Актёр всё также неподвижно стоял посреди учинённого погрома с тяжело вздымающейся грудью, жадно, со свистом заглатывая пропитанный перегаром кислород. Его глаза, расширенные до чёрных колодцев, безумно шарили по обломкам стекла, однако этот грандиозный, театральный всплеск ярости так и не принёс долгожданной анестезии. Крик не убил страх — напротив, он лишь выжег остатки спасительной тишины, расписавшись в полной, безоговорочной капитуляции перед безжалостной реальностью. В этом звоне, в этом хрустальном аплодисменте собственноручно устроенного погрома не осталось ни катарсиса, ни очищения — лишь глухая, всепоглощающая усталость загнанного зверя, который наконец понял, что, раз за разом кидаясь грудью на прутья клетки, он лишь теряет силы, но никак не приближает долгожданную свободу. Бешенство ушло так же стремительно, как и накатило, оставив после себя лишь выжженную, радиоактивную пустошь в груди и мерзкий, липкий осадок на самой границе сознания — осадок жгучего, невыносимого стыда. Прямо сейчас, в этом неуютном, расцарапанном осколками эхе, БоДжек острее всего ощущал не боль от пореза на пальце, в который уже набилась янтарная, жгучая жидкость, а унизительную, режущую наготу сорванной с него маски. Маски, за которой, как думалось ему когда-то, скрывался как минимум древнегреческий бог, а как максимум — сам дьявол во плоти. Теперь же, под этим фальшивым ликом, к своему безграничному ужасу, конь не обнаружил ровным счётом ничего — только бескрайнюю, холодную, как космос, и пустую, как его банковский счёт, бездну.
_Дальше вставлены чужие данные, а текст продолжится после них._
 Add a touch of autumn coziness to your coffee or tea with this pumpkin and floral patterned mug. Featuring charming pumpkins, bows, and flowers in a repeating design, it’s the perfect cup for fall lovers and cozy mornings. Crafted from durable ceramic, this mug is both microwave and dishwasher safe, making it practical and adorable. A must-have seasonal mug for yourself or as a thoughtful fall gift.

Театр одного актёра, которым он так гордился, закрылся, даже не успев толком открыться, а уборная, по закону подлости, оказалась заперта снаружи на ржавый амбарный замок.
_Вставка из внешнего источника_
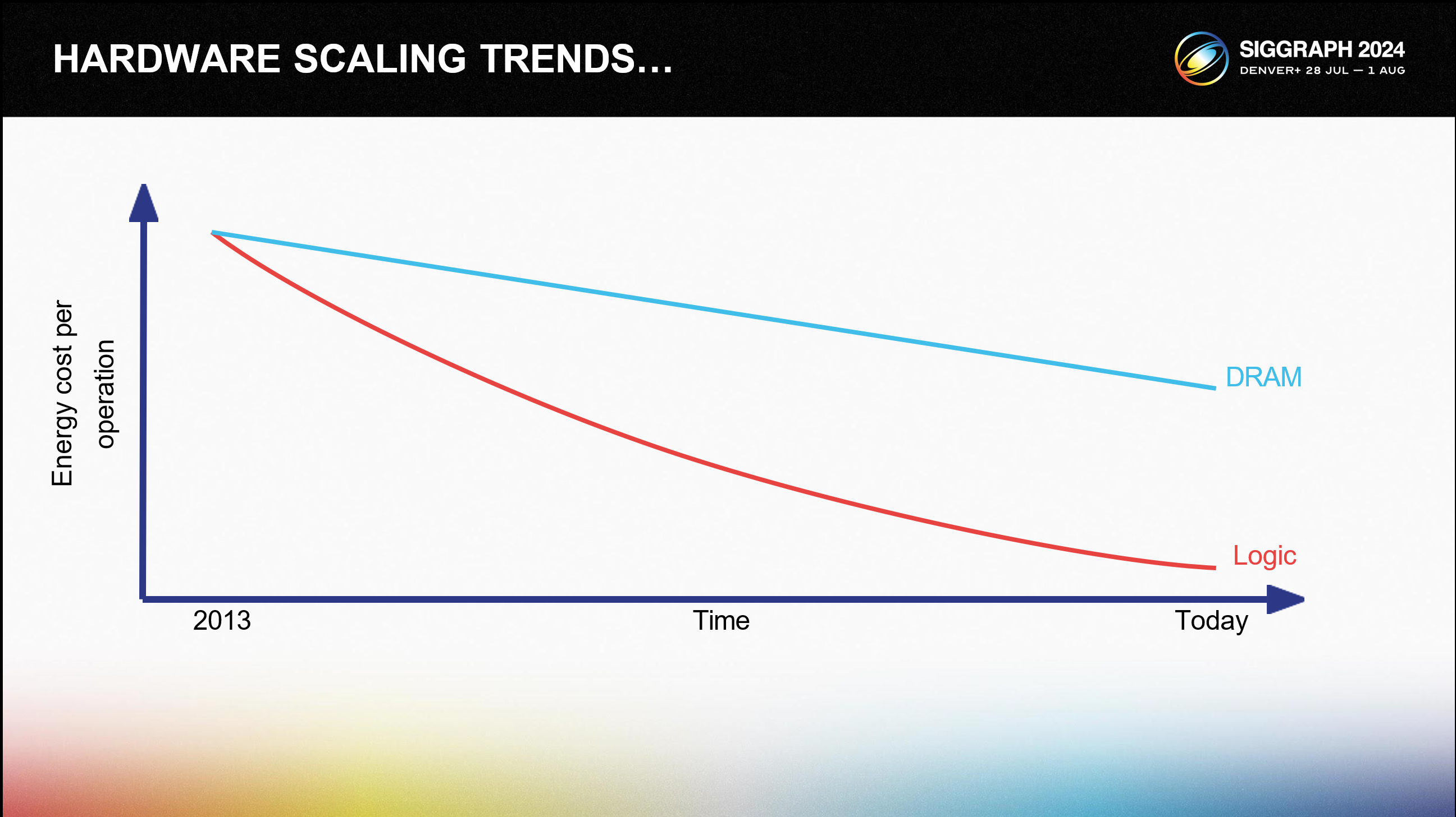 우리는 동일한 전력 예산에 점점 더 많은 산술 논리를 담을 수 있도록 관리하고 있습니다. DRAM 에너지 비용은 개선되었지만 동일한 비율로 개선되지는 않았습니다.

В этой новой, звенящей пустоте, наступившей почти сразу после погрома, БоДжек медленно опустил взгляд на свои дрожащие руки. На костяшках пальцев, перепачканных в липком алкоголе, проступила крохотная, почти нереальная капля крови — густая, алая, она выглядела пугающе ярко, словно та самая ягодка омелы, что насмешливо алела на лацкане его нарисованного двойника. Она медленно поползла вниз, к запястью, оставляя за собой след, похожий на тонкую трещину в безупречном мраморе. Вместе с этим движением БоДжеку показалось, что и само время в кабинете начало необратимо портиться: оно больше не текло привычной рекой, а застыло острыми, жалящими зазубринами хрусталя, впивающимися в самую суть его существа. Каждый вдох теперь давался с таким трудом, будто лёгкие наполнялись не воздухом, а едкой, удушливой пылью театральных кулис, которые наконец-то рухнули под собственной тяжестью, обнажая за спиной «великого актёра» лишь глухую, неприступную кирпичную стену. В этих гранях, разбросанных у ног осколков, множились тысячи крошечных, искажённых мини-БоДжеков — армия уродливых отражений, каждое из которых кривилось в своей уникальной гримасе боли, создавая свой собственный жуткий калейдоскоп изломанной судьбы.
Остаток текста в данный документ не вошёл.